When I was a kid I lived on Carver Street in the Larimar Avenue section of East Liberty. My family migrated to the Penn Hills suburbs (called only Penn Township in those days) when I reached the third grade. I lived in that small ethnic Italian section of Pittsburgh, that sent more men to fight in World War II than any other part of the country at the end of an era. Larimar Avenue read like a bildungsroman out of the 1930's or 1940's. My parents would take me there vicariously in almost everything we did. Sunday mornings my father would drive down to the Italian Pastry and grab a most satisfying selection of Sfogliatelle, Pasticciotti Canoli, Napoleons Eclairs Ricotta Tarts and Nut Horns. It was truly the stuff that they eat in heaven when there having a treat. Today you can still get yourself to Monroeville and buy the same quality pastries, but you may have to remortgage your house to afford them. My parent’s friends would drop in frequently and I would hear, embellished, of course, stories about the "old" neighborhood. I can still remember the parades of men dressed in red uniform slowly marching and playing brass insturments and the carnival that was held in the lot across from the Larimar School. I went to catechism at Help A Christian Church and I remember the gang of kids that hung out around Carver Street.
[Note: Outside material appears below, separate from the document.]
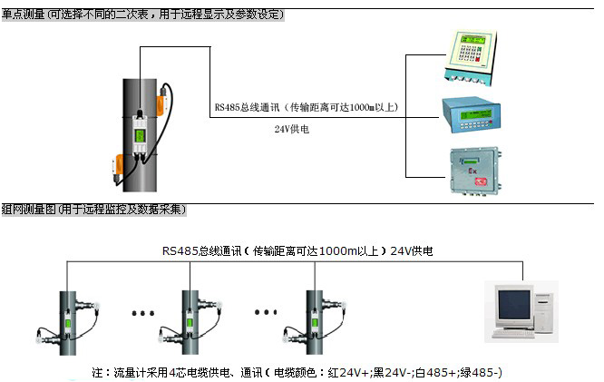 一次表與二次表(或計算機)之間采用RS-485總線通訊,采用普通電纜即可,傳輸距離可達1000米以上,組網(wǎng)十分方便、快捷。這種傳輸方式抗干擾能力強,解決了分體式超聲波流量計專用電纜成本高、抗干擾能力差、傳輸距離短等問題。
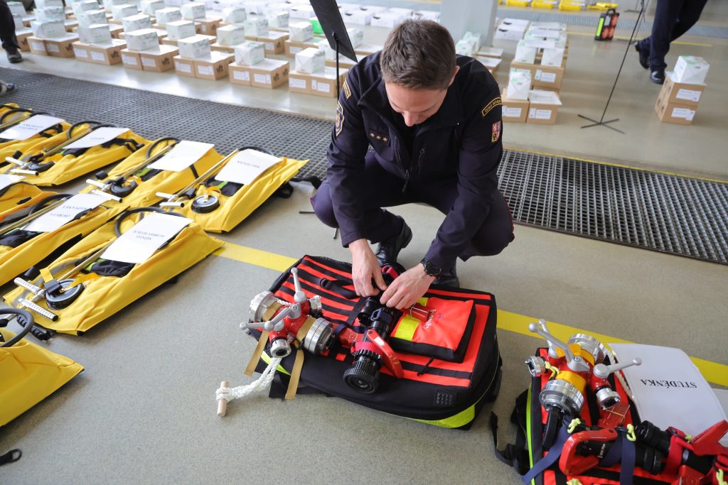 Hasiči dostali 8 sad hadic pro hydraulické vyprošťování, 440 přileb pro technické zásahy, 188 ochranných masek a 752 filtrů pro hašení lesních požárů. Dále obdrželi 44 zádových hasicích vaků, 3 batohy pro hašení lesních požárů, 29 sad výstražných LED světel a 29 sad bezpečnostních zásuvek pro elektro vozidla.

There was, I believe still is, an institution in that section of town called The Kingsley House. Summer evenings, the neighborhood would gather, sit as best we could in the stone playground and watch movies that started at the dark end of twilight.

More often than not they would be films of the Bowery Boys.(Or the East End Kids) The strangeness of all this cultural clash is that I felt more like I grew up in 1940 than I grew up in the "Happy Days" of the fifties and sixties. (Make no mistake about it I love Rock n Roll from Bill Haley on and still shiver when Mr. Dadier enters the classroom.)

It wasn't the dupe, the comic heart of the group, Horace Debussy "Sach" Jones (Glimpy, Dippy or just plain Goofy) played by Huntz Hall but the leader, the intellectual of the group, Terrence Aloysius "Slip" Mahoney (aka Ethelbert Muggs McGinnis and an assorted few others), played by Leo, that I adored. And the words that came out of his mouth!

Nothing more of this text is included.